Extracted entries –

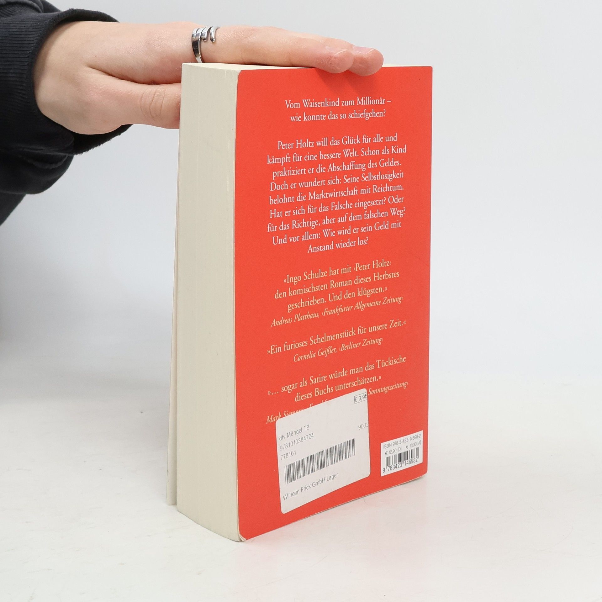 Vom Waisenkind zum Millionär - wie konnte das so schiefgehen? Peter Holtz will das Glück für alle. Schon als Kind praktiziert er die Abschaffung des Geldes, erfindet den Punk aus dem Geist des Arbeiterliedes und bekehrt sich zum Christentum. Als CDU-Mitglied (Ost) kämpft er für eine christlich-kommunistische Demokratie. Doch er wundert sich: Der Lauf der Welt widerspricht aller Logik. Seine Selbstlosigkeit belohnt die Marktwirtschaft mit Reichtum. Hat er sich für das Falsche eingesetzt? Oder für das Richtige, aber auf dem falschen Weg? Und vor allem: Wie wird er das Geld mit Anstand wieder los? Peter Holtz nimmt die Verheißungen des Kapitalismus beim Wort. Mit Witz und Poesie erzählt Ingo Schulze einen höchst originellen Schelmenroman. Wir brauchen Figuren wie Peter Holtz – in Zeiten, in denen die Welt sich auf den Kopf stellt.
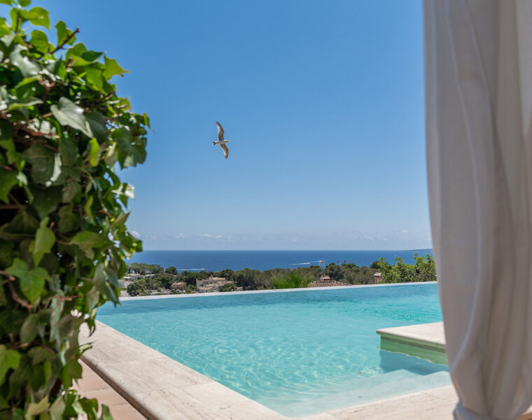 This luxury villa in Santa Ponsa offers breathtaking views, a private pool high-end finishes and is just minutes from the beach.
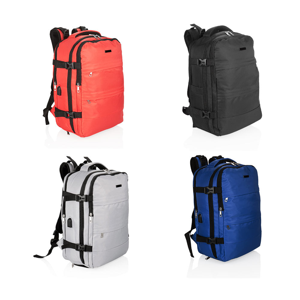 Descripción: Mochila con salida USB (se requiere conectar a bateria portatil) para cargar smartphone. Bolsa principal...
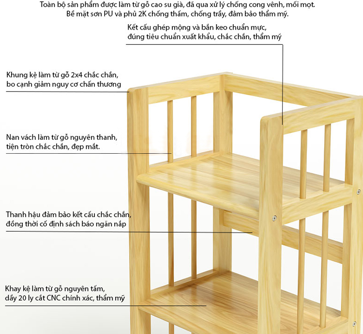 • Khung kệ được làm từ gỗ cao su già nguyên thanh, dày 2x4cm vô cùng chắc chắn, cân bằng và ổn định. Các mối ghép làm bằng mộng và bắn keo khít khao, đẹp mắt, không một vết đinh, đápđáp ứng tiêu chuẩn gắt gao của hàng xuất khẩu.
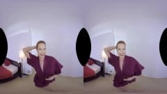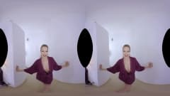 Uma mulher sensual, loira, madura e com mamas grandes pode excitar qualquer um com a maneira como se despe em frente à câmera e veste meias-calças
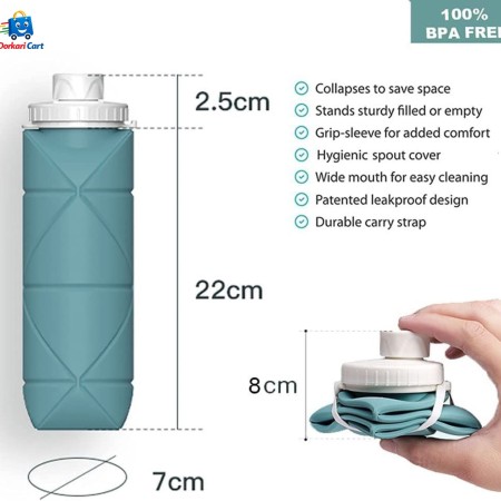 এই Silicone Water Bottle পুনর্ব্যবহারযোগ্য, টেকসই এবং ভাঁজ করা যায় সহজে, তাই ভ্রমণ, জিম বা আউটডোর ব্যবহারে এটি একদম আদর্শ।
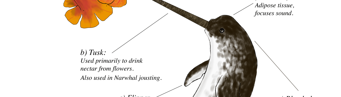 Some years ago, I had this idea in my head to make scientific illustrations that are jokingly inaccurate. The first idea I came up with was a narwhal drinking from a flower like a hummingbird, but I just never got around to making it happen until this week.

Assignment – Only the lines from the one containing "hàng xuất khẩu." through the end of the listing should be output, word for word and inclusive; keep pictures out.

Task solution –
 • Khung kệ được làm từ gỗ cao su già nguyên thanh, dày 2x4cm vô cùng chắc chắn, cân bằng và ổn định. Các mối ghép làm bằng mộng và bắn keo khít khao, đẹp mắt, không một vết đinh, đápđáp ứng tiêu chuẩn gắt gao của hàng xuất khẩu.
 Uma mulher sensual, loira, madura e com mamas grandes pode excitar qualquer um com a maneira como se despe em frente à câmera e veste meias-calças
 এই Silicone Water Bottle পুনর্ব্যবহারযোগ্য, টেকসই এবং ভাঁজ করা যায় সহজে, তাই ভ্রমণ, জিম বা আউটডোর ব্যবহারে এটি একদম আদর্শ।
 Some years ago, I had this idea in my head to make scientific illustrations that are jokingly inaccurate. The first idea I came up with was a narwhal drinking from a flower like a hummingbird, but I just never got around to making it happen until this week.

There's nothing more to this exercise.